[MATERIAL PROVIDED — start]

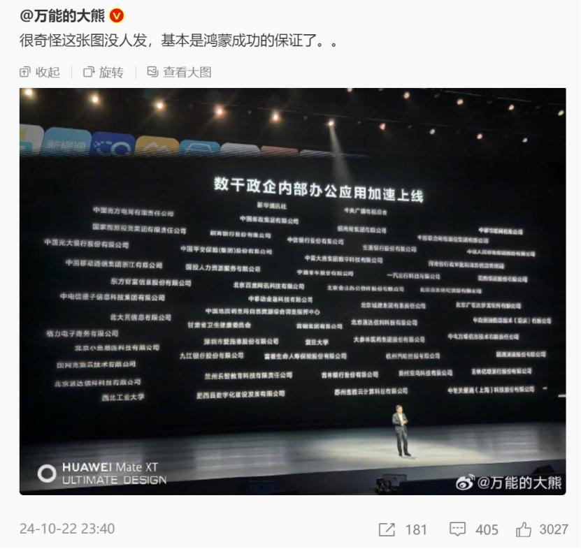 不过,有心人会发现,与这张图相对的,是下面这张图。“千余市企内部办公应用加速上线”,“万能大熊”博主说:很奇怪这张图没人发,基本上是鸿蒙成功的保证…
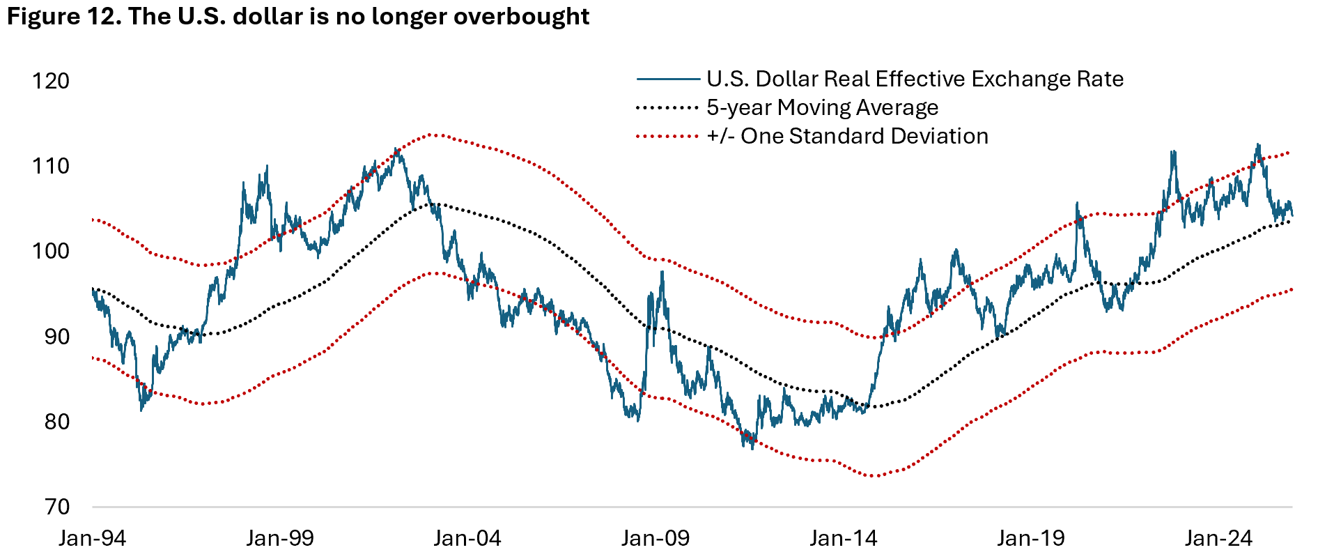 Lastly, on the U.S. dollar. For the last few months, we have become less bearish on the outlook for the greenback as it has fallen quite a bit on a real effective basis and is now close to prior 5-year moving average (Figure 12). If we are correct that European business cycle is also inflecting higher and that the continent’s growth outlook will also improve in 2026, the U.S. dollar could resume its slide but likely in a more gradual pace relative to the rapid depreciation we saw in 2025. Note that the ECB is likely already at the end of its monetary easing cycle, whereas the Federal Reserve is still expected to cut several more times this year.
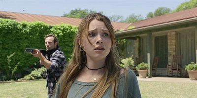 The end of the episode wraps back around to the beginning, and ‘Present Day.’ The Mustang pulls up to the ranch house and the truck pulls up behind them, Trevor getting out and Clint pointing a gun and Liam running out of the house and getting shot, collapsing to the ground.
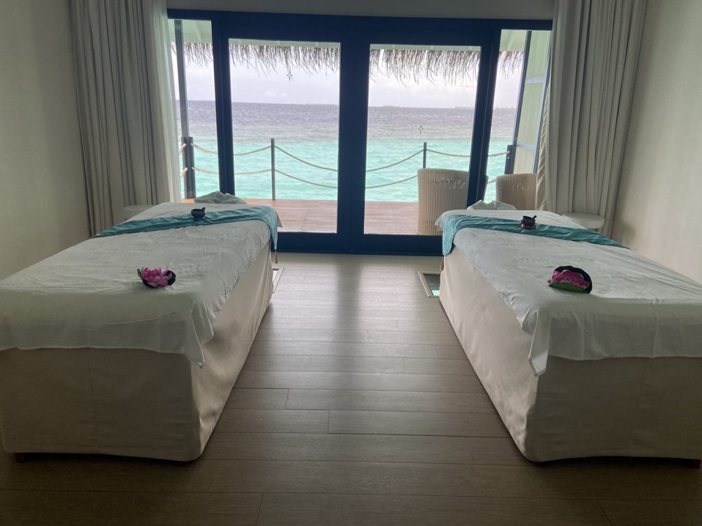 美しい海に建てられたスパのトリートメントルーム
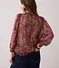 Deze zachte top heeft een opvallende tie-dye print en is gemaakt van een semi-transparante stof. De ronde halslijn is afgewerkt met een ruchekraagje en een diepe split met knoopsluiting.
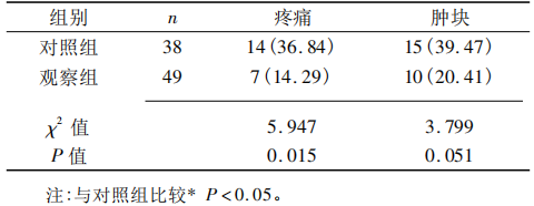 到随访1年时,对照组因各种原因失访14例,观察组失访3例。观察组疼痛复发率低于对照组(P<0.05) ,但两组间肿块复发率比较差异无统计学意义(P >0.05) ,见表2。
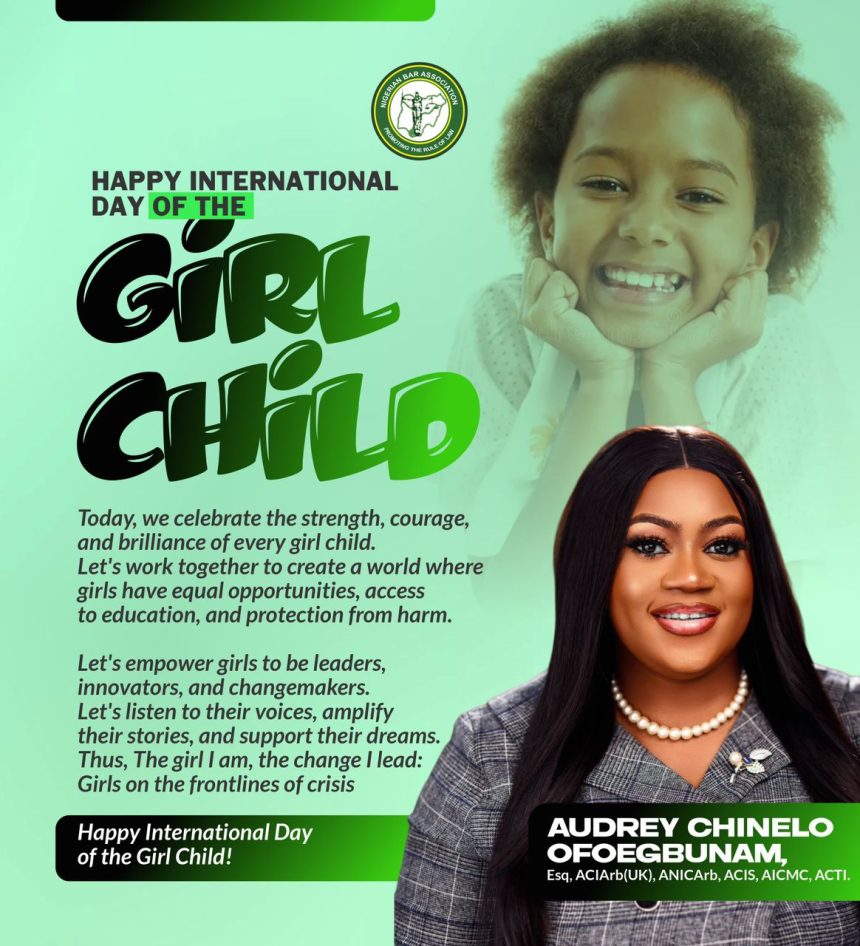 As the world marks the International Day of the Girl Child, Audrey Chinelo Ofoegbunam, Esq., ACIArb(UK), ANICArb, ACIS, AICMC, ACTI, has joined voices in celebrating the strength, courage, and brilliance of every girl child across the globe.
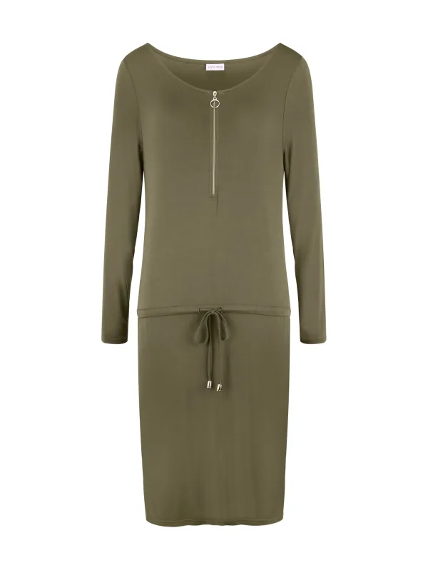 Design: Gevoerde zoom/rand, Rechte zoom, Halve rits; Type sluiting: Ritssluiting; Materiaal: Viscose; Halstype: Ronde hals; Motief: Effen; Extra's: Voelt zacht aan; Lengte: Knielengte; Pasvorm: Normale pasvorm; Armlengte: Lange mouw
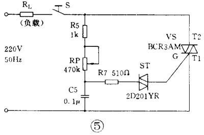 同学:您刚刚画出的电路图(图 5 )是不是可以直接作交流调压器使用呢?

[MATERIAL PROVIDED — finish]

### TASK TO CARRY OUT
Print the records above verbatim, pictures excluded.

### WRITTEN RESPONSE
 不过,有心人会发现,与这张图相对的,是下面这张图。“千余市企内部办公应用加速上线”,“万能大熊”博主说:很奇怪这张图没人发,基本上是鸿蒙成功的保证…
 Lastly, on the U.S. dollar. For the last few months, we have become less bearish on the outlook for the greenback as it has fallen quite a bit on a real effective basis and is now close to prior 5-year moving average (Figure 12). If we are correct that European business cycle is also inflecting higher and that the continent’s growth outlook will also improve in 2026, the U.S. dollar could resume its slide but likely in a more gradual pace relative to the rapid depreciation we saw in 2025. Note that the ECB is likely already at the end of its monetary easing cycle, whereas the Federal Reserve is still expected to cut several more times this year.
 The end of the episode wraps back around to the beginning, and ‘Present Day.’ The Mustang pulls up to the ranch house and the truck pulls up behind them, Trevor getting out and Clint pointing a gun and Liam running out of the house and getting shot, collapsing to the ground.
 美しい海に建てられたスパのトリートメントルーム
 Deze zachte top heeft een opvallende tie-dye print en is gemaakt van een semi-transparante stof. De ronde halslijn is afgewerkt met een ruchekraagje en een diepe split met knoopsluiting.
 到随访1年时,对照组因各种原因失访14例,观察组失访3例。观察组疼痛复发率低于对照组(P<0.05) ,但两组间肿块复发率比较差异无统计学意义(P >0.05) ,见表2。
 As the world marks the International Day of the Girl Child, Audrey Chinelo Ofoegbunam, Esq., ACIArb(UK), ANICArb, ACIS, AICMC, ACTI, has joined voices in celebrating the strength, courage, and brilliance of every girl child across the globe.
 Design: Gevoerde zoom/rand, Rechte zoom, Halve rits; Type sluiting: Ritssluiting; Materiaal: Viscose; Halstype: Ronde hals; Motief: Effen; Extra's: Voelt zacht aan; Lengte: Knielengte; Pasvorm: Normale pasvorm; Armlengte: Lange mouw
 同学:您刚刚画出的电路图(图 5 )是不是可以直接作交流调压器使用呢?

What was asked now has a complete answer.